If you poke around the internet, you’re going to find all kinds of crazy stuff written by folks who appear to have parted ways with reality. But you’ll also find the same folks who spoke to the National Press Club have been trying to reach the public’s attention for years with little success. In some ways these very credible people — just listen to the former USAF officer in the video here — have been treated like liberals and progressives. They’ve been blown off as nutjobs in spite of their lucid arguments and the facts they’ve produced.

In the case of the Malmstrom incident, the government didn’t send out a military team to investigate why multiple nuclear missiles shut down. They allowed a well-known government contractor to handle the investigation. It bought the government the opportunity to discount any findings by the contractor while offering plausible deniability.

It sounds so very familiar, doesn’t it? Corporate contractors, doing the work of the government, to keep the government’s fingerprints off the subject matter at hand.  . . .

The more one pokes around the internet, the more similar stories one finds like the Malmstrom event. Like these U.S. Air Force bases which have also reported events going as far back as 1963: Minot, F.E. Warren, Ellsworth, Loring, Vandenberg, Walker, Wurtsmith. And that’s just U.S. bases with nuclear missiles or equipment used for nuclear weapon deployment; there are many other events which have been documented across the country which might be related to military facilities.

Doesn’t it seem like we need to reassess what it is we are really spending our time and money on in terms of our national security? So far all these events seem really benign; they may have been investigated by the government, but the details are completely out of our reach.

But if anything remotely like these reported events had involved a person of middle eastern heritage, you can bet it would be all over Fox News and leaked to Bob Woodward for his next book.

I’ve been stewing about our grossly disproportionate and ineffective response to terrorism over the last two weeks. We’re “droning” civilians to death in foreign lands when we aren’t allowing contractors to treat civilians like targets for shooting practice. And at the same time, we have what could be far more important issues to face — real threats to our existence like climate change and the resulting changes to our ecosystem, our food and water supply.

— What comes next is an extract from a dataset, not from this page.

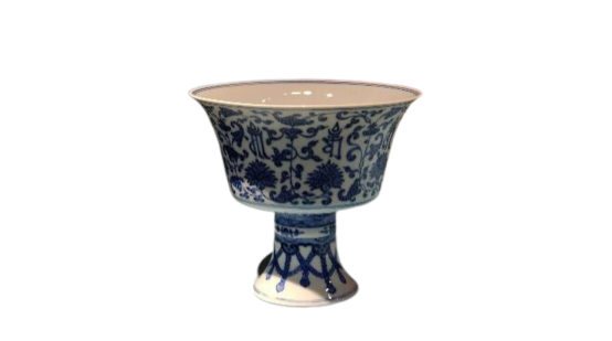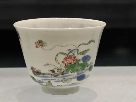 斗彩创烧于明朝宣德年间,以明成化年间器物最受推崇,其装饰方法是将釉下青花和釉上彩相结合,预先在 1300°C 下烧成的釉下青花瓷器上,用矿物颜料进行二次施彩,填补青花图案留下的空白和涂染青花轮廓线内的空间,然后再次入小窑,经过 800°C 低温烘烤而成。

Not to mention we might have much larger concerns that impact all humanity, like these unidentified objects, or the ones seen over China, or over Iran, or over so many other places on earth.

Until we find a way to remove the stranglehold on our national conversation, real threats are going to go unaddressed, unanswered and those of us with legitimate concerns will continue to be minimized.

And until we manage to shift the attention of our country from the latest crazy meathead of the day and re-prioritize our attention and resources — like spending real money instead of chump change on science education and NASA — we’ll completely miss what could really be the answer to mankind’s biggest mystery.

Are we alone here? Or do we have company?

What do you think? Have you ever had a close encounter? Do tell.